Déjà un exemplaire a été érigé à Château-Thierry,
le 11 novembre 1921 par les soins du Touring-Club de
France qui. poursuivant son ouvre, a ouvert une
souscription publique pour placer ces bornes sur les
routes et chemins de fer a leur intersection avec la ligne
du front.
Le Touring-Club de Belgique s'est associé à cette
manifestation patriotique en réunissant les fonds pour le
front belge. |
La dernière borne sera installée en juin 1927 au Vieil-Armand (Hartmannswillerkopf) près de Cernay en Alsace.

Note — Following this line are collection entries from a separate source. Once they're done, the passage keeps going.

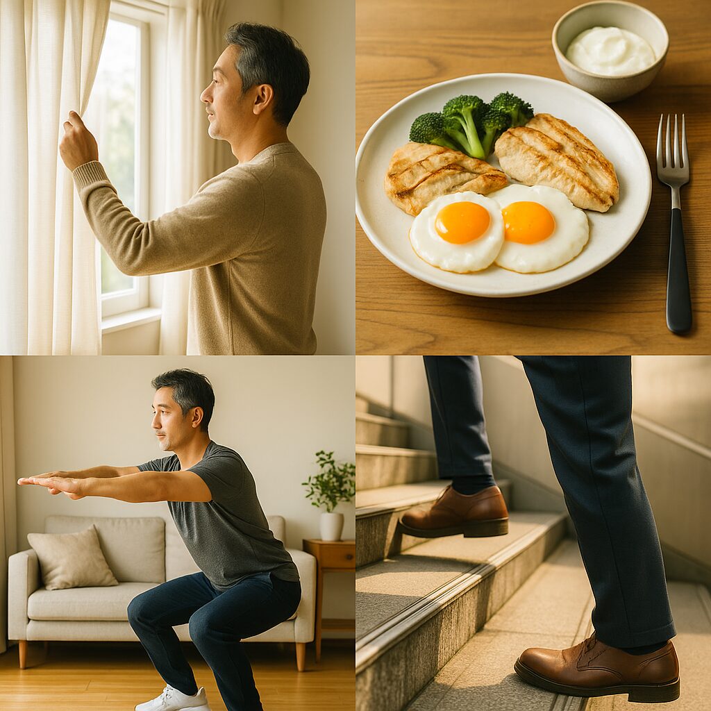 仕事・育児・家事をこなすイケおじパパにとって、体づくりの土台は睡眠だ。筋トレも食事も、回復が伴わなければ成果は出ない。理想は7時間以上だが、忙しい日々では難しい。だからこそ「起床時間の固定」から始める。休日の寝だめはせず、毎朝同じ時間に太陽光を浴び、白湯を一杯。夜は寝る90分前に入浴(40℃で10~15分)して体温を上げ、就寝時に下がるリズムを作る。スマホは就寝1時間前にオフ、代わりにストレッチや読書。枕は低めで呼吸しやすく、寝室は18~20℃・湿度50%を目安に。眠れない日は「無理に寝ない」。ベッドでの格闘を避け、リビングで静かな音楽や日記に切り替える。翌日も起床は固定。睡眠は“量よりリズム”が勝つ。家族の笑顔を守る体力は、まず夜の準備から。
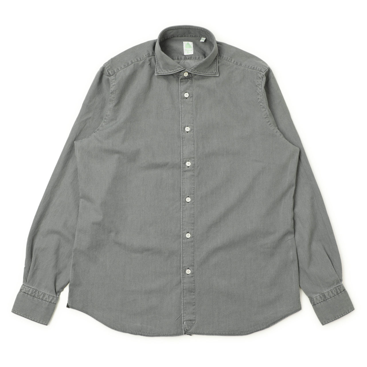 カジュアルラインは洗いのかかったナチュラルな風合いが特徴で、アームホール、ボタン、ガゼット部分は熟練した職人の手によるハンドメイド。ドレスラインはさらにハンドポイントが増え、ハンドメイドならではの柔らかな風合いとストレッチのような着心地が、90年以上の歴史を誇る老舗シャツメーカーフィナモレの大きな特徴です。
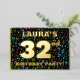 The front of this fun and exciting thirty-second birthday celebration/party foil invitation card design features a personalised name, a large number “32nd”, the message “BIRTHDAY PARTY!”, and a border. The background of the front features an eye-catching, colourful musical notes and symbols pattern. The back features personalised details about the event, such as the date, time, venue/place, and any other information that may be relevant. Personalised invitations like these might be a fun way to invite guests to a birthday gathering/party being held to honour somebody’s 32nd birthday. These might be more meaningful if that person is a songwriter, a composer, a singer, a musician, or a lover of music. [~Z0000601]
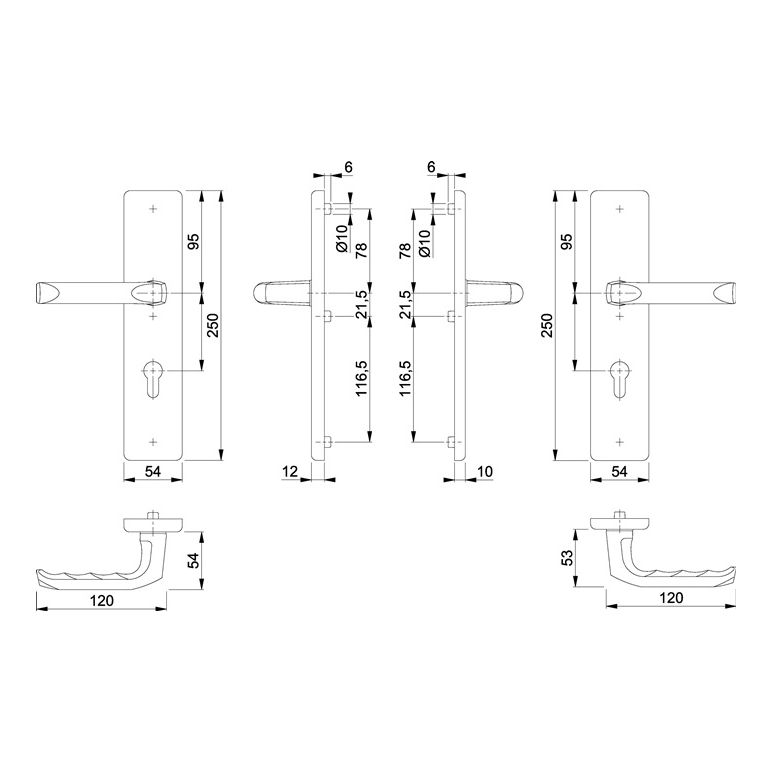 für Abschlusstüren · einbruchhemmend nach DIN 18257 · Knopfschild-Randhöhe: 12 mm · Stahlunterkonstruktion im Innen- und Außenschild · mit Rückholfeder-Paket (bei 8 mm Vierkant / NICHT bei 10 mm) · FDW-Profilstift-Verbindung · DIN links / rechts verwendbar · hochfeste, verdeckte Verschraubung · Lochung PZ · einschließlich Befestigungsmaterial · Widerstandsklasse ES 1Weitere technische Eigenschaften:· Breite: 54mm· Länge: 250mm· Abdeckung: ohne Zylinderabdeckung· Schildstärke: 12 mm
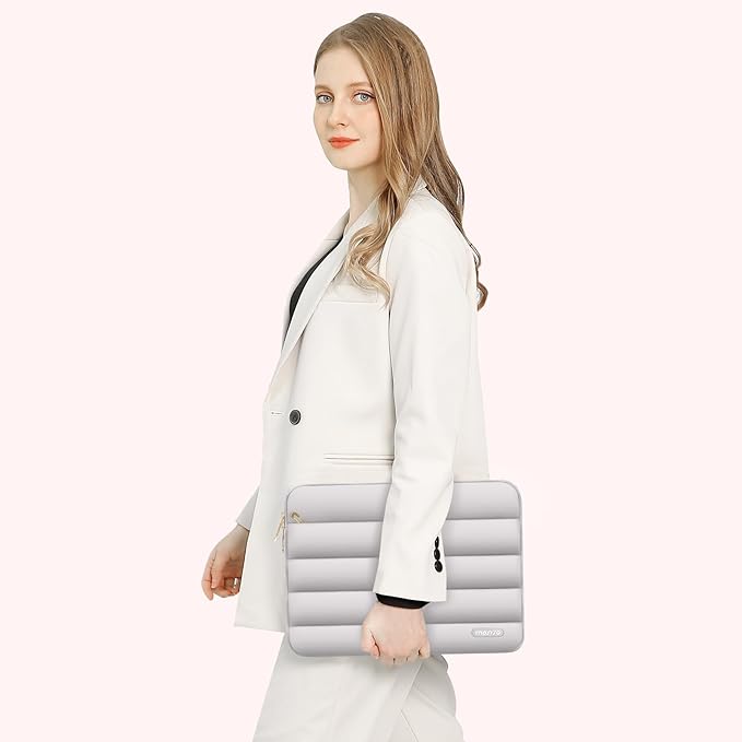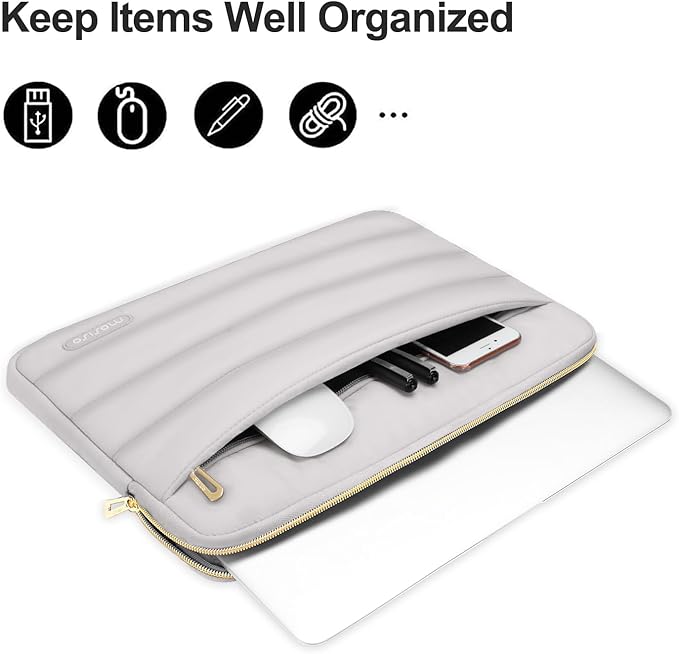 - Made with soft touch puffy polyester material, features a polyester foam padding layer and fluffy fleece fabric lining. Protect your laptop from bump, shock and accidental scratches.
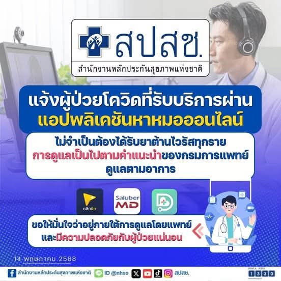 สำนักงานหลักประกันสุขภาพแห่งชาติ หรือ สปสช. ชี้แจง กรณีประชาชนติดเชื้อโควิด-19 และรับบริการแพทย์ทางไกล (Tele-medicine) ในเครือข่าย สปสช. แล้วไม่ได้รับยาฟาวิพิราเวียร์ หรือยาต้านไวรัสอื่นว่า ผู้ป่วยไม่ได้จำเป็นต้องรับยาต้านไวรัสทุกราย แพทย์จะดูแลตามอาการ ข้อบ่งชี้ และไกด์ไลน์ที่กรมการแพทย์ กระทรวงสาธารณสุข กำหนดหลักเกณฑ์ คือ
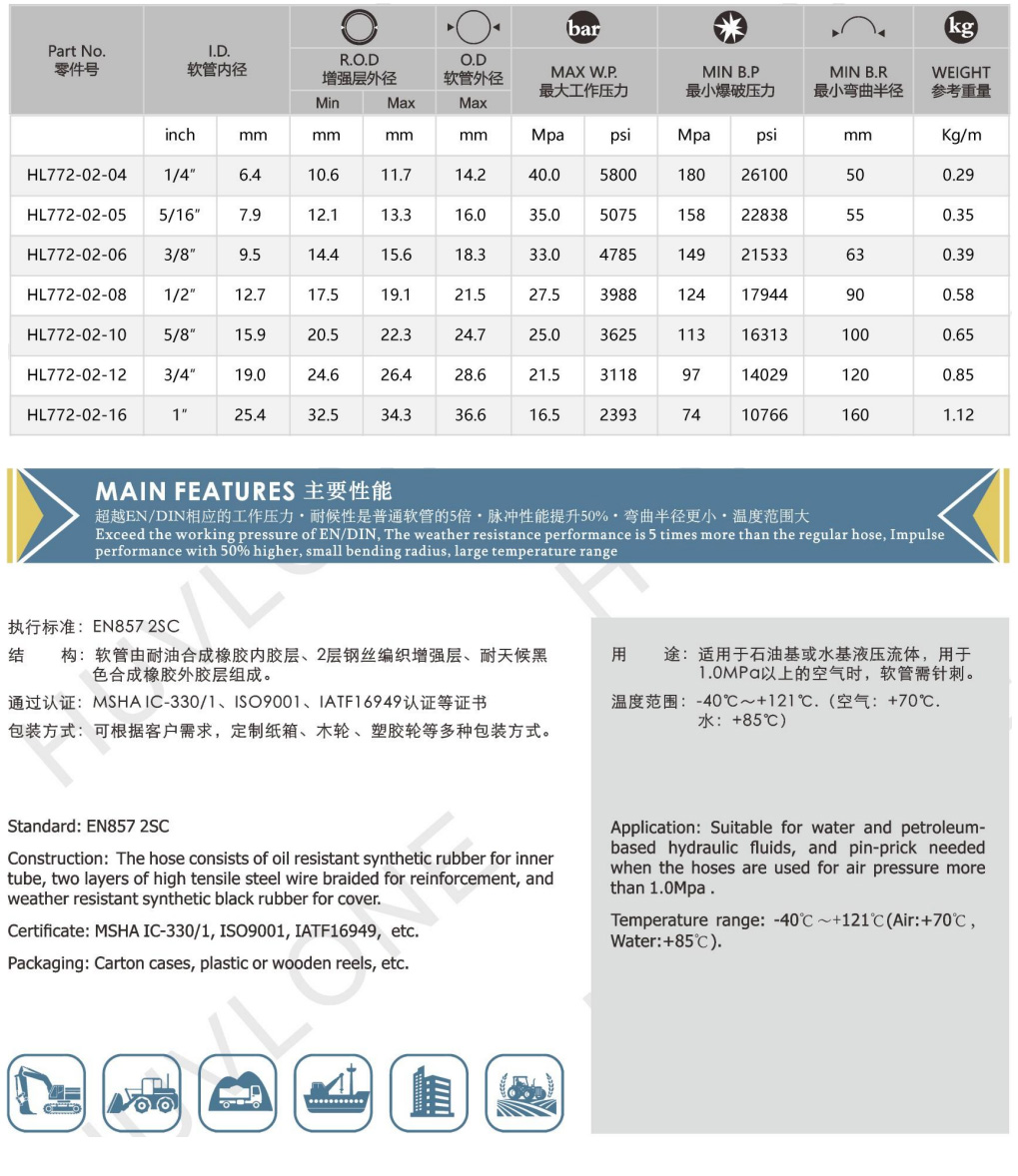符合/超越DIN EN857 2SC二層鋼絲編織橡膠軟管

Toutes ces bornes en granit rose d'un peu plus d'un mètre de haut, sont surmontées d'un casque posé sur une couronne de lauriers, généralement français, mais parfois belge ou britannique. Elles comportent en façade le nom du lieu où elles ont été implantées, ainsi qu'une inscription, soit en français
(« Ici fut repoussé l'envahisseur 1918 »), soit en anglais (« Here the invader was brought to a standstill »), soit en néerlandais
(« Hier werd de overweldiger tot staan gebracht »).
Sur la partie basse, est généralement inscrit le nom de l'organisme bienfaiteur et le numéro de la borne, qui permet ainsi de les identifier toutes depuis leur réalisation (mais ce numéro ne correspond ni à un ordre chronologique, ni a un ordre géographique). Les flancs de chaque borne représentent des éléments d'équipements : étui de masque à gaz, grenades à chaque angle, bidon.
Pour d'autres informations sur les bornes
Moreau-Vauthier, voir le site
du Memorial de Dormans.
Sur les 12 bornes de Meurthe et Moselle, deux ont été érigées dans notre canton et sont toujours existantes :
Note : Edmond Delorme, dans son « Lunéville et son arrondissement » écrit :
« Une stèle de Moreau-Vauthier, élevée sur
l'initiative d'un Comité Argentin, marque à Domèvre, comme dans
d'autres points du front, la limite de la progression allemande. Cette stèle, se rencontre sur la route, près de
l'entrée du village, en venant de Lunéville. J'en ai donné le dessin
(T. I, p. 230). ». Cette information est équivoque : car si les bornes Vauthier marquent la
« limite des progressions allemandes », c'est uniquement à la date du 18 juillet 1918, certaines portions du front ayant connu des progressions de l'avancée allemande après cette date.
* Paul Moreau-Vauthier (1871-1936), vétéran de Verdun, était né le 26 novembre 1871. Sa renommée de
sculpteur fut acquise dès 1920 avec sa sculpture "La Parisienne" présentée à Paris lors de l'Exposition Universelle (1900).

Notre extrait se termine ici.